Transplant Disparities in Kids

 

Even children can face considerable inequities when it comes to receiving transplants.

This message was driven home in a recent analysis of data from the U.S. Renal Data System from 2000 to 2008 that revealed that the average annual rate of preemptive transplantation was higher among white children with kidney failure than among those who were Hispanic and black. Racial differences were also evident in the type of preemptive transplants children received, where more white patients had living donors (78.8 percent), compared with Hispanics (57.3 percent) and blacks (48.8 percent). Hispanics had a 50 percent and blacks a 56 percent lower rate of preemptive transplants than whites. Differences in the incidence of preemptive transplantation were unexplained by socioeconomic status, as determined by neighborhood poverty and health insurance.

“Among pediatric kidney disease patients in the United States, white patients have a significantly higher rate of getting a kidney transplant without ever starting dialysis compared to blacks and Hispanics,” said Emory University’s Rachel Patzer, PhD, who co-authored the study and presented it at ASN’s Kidney Week. “The reasons for this racial disparity are not entirely clear, but could be due to lower access to health care among minority patients,” she added.

One potential explanation could be that children in underrepresented minority groups may have less access to care, noted ASN’s immediate past president, Joseph Bonventre, MD, PhD. “It is important to raise the awareness of kidney disease in children among general pediatricians so that all children are evaluated and kidney disease can be picked up early enough so that appropriate management can be brought to bear,” he said.

Patzer was also part of a research team that examined racial differences in deaths among children with kidney failure. The study included all kidney failure patients younger than 21 years of age who went on dialysis between January 2000 and September 2008 and did not receive a transplant during the study, which ended in September 2009. The investigators censored patients at death or end of follow-up and excluded patients who received a transplant. They considered neighborhood poverty and health insurance as measures of socioeconomic status.

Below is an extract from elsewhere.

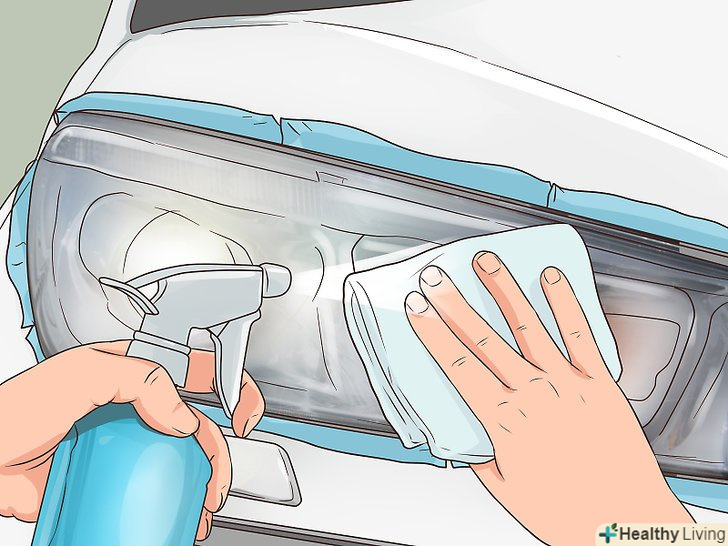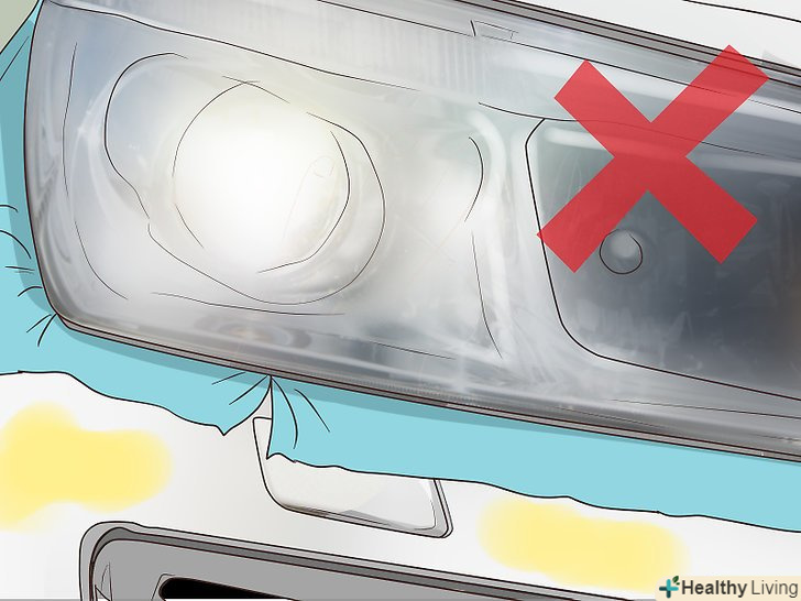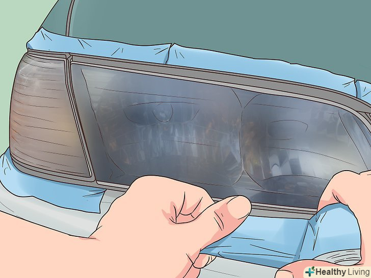 Приклейте стрічку навколо фари.Захистіть фарбу на автомобілі за допомогою ізоляційної або фарбувальної стрічки. Не використовуйте клейку стрічку, інакше фарба на вашому автомобілі може відійти.[4]

Among 8146 pediatric kidney failure patients in the study, 896 (9.7 percent) died, and a greater proportion of those who died were black.

“When a child develops end stage kidney disease, their best chance for survival and a good quality of life is to receive a kidney transplant, compared with staying on dialysis. Sadly, some children die before they ever receive a transplant,” said first author Sandra Amaral, MD, also of Emory University.

The effect of race on death was significantly modified by health insurance. Blacks with no health insurance had a 59 percent greater rate of death after developing kidney failure compared with whites, while Hispanics had a significantly lower rate of death compared with the other racial groups regardless of insurance status. Amaral noted that more studies are needed to understand why these differences occur.

“Raising public awareness of kidney disease in both pediatric as well as adult populations and alerting our primary care providers to the signs of early kidney disease may go far to establish a diagnosis at an earlier stage in all racial groups and ultimately result in better outcomes for our patients,” Bonventre said.